In a recent report to the city council, Berkeley's audit shop provided recommendations for further progress in its police department -- but the ideas are widely applicable. The key, according to the report, is an intense focus on targeted data collection and analysis to pinpoint the cause of injuries and prevent them. The report also recommended heightened training for supervisors in investigating the cause of injuries and greater communication between the police department and the department of human resources.
As people debate the pros and cons of Medicaid expansion, here’s a pro for the cons (by which we mean convicts). Prison inmates aren’t covered by Medicaid for ordinary medical needs. But they are covered for hospitalizations that exceed 24 hours in length. Because of this, states that have expanded Medicaid have the ability to save on inmate hospitalization costs. That’s because Medicaid includes a substantial federal match. In Kansas, for example, an oversight committee heard last month that expansion would save $1.6 million annually for newly covered incarcerated individuals.

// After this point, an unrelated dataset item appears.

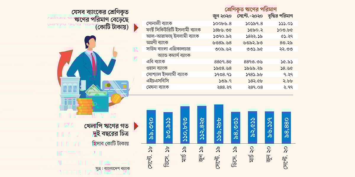 এদিকে চলতি বছরের তৃতীয় প্রান্তিকে কিছু ব্যাংকের খেলাপি ঋণ বেড়েছে। খেলাপি ঋণ বৃদ্ধিতে শীর্ষ ১০ ব্যাংক হলো সোনালী, ফার্স্ট সিকিউরিটি, আল-আরাফাহ্, অগ্রণী, সাউথ বাংলা অ্যাগ্রিকালচার অ্যান্ড কমার্স, এবি, ওয়ান, সোশ্যাল ইসলামী, এইচএসবিসি ও মেঘনা ব্যাংক।

Back in the days of the Recovery Act, there was a lot of talk about funding “shovel-ready projects.” That’s still a phrase that we hear states and cities using when they’re thinking about investing money in infrastructure. But there’s a hazard that sometimes state and local officials play fast and loose with the meaning of shovel ready.
A November article in the Philadelphia Inquirer pointed to that problem in New Jersey. Apparently, some of the shovel-ready projects approved by the state a couple of years ago haven’t even begun to move forward.
As the newspaper reported, “Rutgers University-Camden, for example, still doesn’t own the land where it intends to build a nursing and science building with more than $46.8 million in state funding. Construction is expected to begin in March, a year and five months after its proposed start.”